→ Your goal
Using the data below, reproduce exactly the lines from the line with "Ahora ya podemos" to the line with "もちろんそれだけがテーマの作", both included; pictures must be dropped.

→ Data for this task
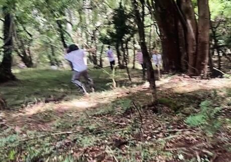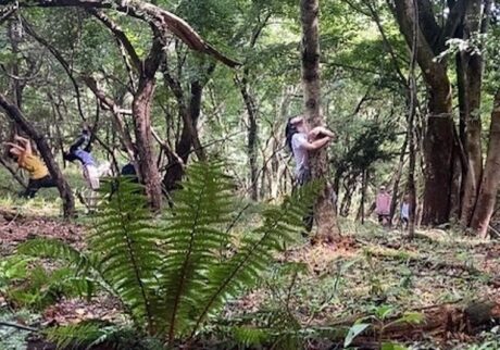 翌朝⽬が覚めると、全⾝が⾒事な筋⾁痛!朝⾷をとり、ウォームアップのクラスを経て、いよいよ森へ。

==

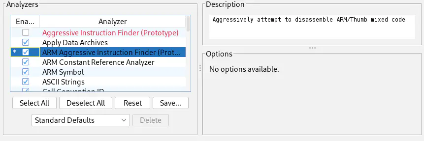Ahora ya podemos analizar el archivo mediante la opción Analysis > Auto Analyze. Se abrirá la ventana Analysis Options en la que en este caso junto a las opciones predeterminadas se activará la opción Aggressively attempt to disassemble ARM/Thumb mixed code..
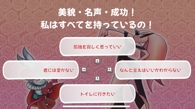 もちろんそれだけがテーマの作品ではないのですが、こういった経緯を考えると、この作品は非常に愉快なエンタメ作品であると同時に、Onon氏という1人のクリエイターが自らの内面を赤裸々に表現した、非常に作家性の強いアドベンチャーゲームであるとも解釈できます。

→ Response for this exercise
Ahora ya podemos analizar el archivo mediante la opción Analysis > Auto Analyze. Se abrirá la ventana Analysis Options en la que en este caso junto a las opciones predeterminadas se activará la opción Aggressively attempt to disassemble ARM/Thumb mixed code..
 もちろんそれだけがテーマの作品ではないのですが、こういった経緯を考えると、この作品は非常に愉快なエンタメ作品であると同時に、Onon氏という1人のクリエイターが自らの内面を赤裸々に表現した、非常に作家性の強いアドベンチャーゲームであるとも解釈できます。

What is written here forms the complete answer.